Buying a home can be an exciting and intimidating process. You have to figure out how to vacate your current home, choose where you want to live, find the right lender and much more. With the sheer amount of steps involved, it can be easy to fall for misinformation around your credit and the part it plays in the mortgage process.
4 Common Homebuying Credit Myths
Myth #1: You need impeccable credit to buy a home
The reality: Having strong credit can help you look more attractive to lenders. It can help you secure a loan and access lower interest rates, which can lower your monthly payment and save you thousands of dollars over the lifetime of the loan. But while its prudent to present the highest credit score you possibly can, borrowers can qualify for mortgage loans with credit scores in the 600s or below.
Remember, credit reports and credit scores are only one part of your overall financial picture. Lenders can also look at your income, down payment amount, current debts and size of your loan.

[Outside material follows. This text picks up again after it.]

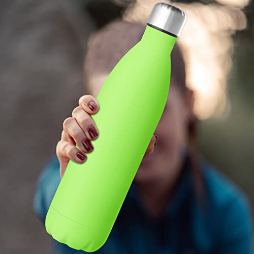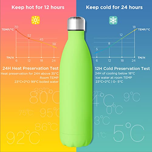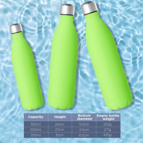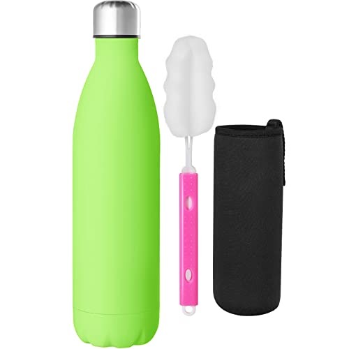 GeeRic Bottiglia Termica 750ML Opaco Borraccia in Acciaio Inox+Spazzola+Borsa Portatile Bottiglia d'Acqua Sportiva Tenere 12H Caldo/24 Freddo Borraccia Termica per Campeggio,Scuola,Sport Verde Chiaro

Myth #2: All lenders offer the same rates and services
The reality: Don’t blindly pick the first mortgage lender you find on Google or through your agent. You can save a lot of money by shopping around for the best interest rate. Some lenders may have the ability to connect you with local loan programs or down payment assistance, so make sure to evaluate multiple lenders before you find the right one for you.
Myth #3: Shopping around for loans can hurt your credit
The reality: An inquiry into your credit by a lender is recorded on your credit report and can cause it to dip slightly. But multiple credit checks from mortgage lenders in a short time frame can only count as a single inquiry. This means you are free to request multiple pre-approvals and loan estimates from multiple lenders to find the best loan for you, without any added consequences to your credit.
Myth #4: You need to be debt free
The reality: No matter what types of debt you have, their existence doesn’t bar you from getting approved for a mortgage. If you can show that you can responsibly manage your debt and pay it back, having debt should not be a problem. The bigger issue is your debt-to-income ratio, or the amount of monthly income that you currently must use to make debt payments. A low debt-to-income ratio indicates that you have the ability to take on a mortgage, while a high debt-to-income ratio may signal that you are already overextended.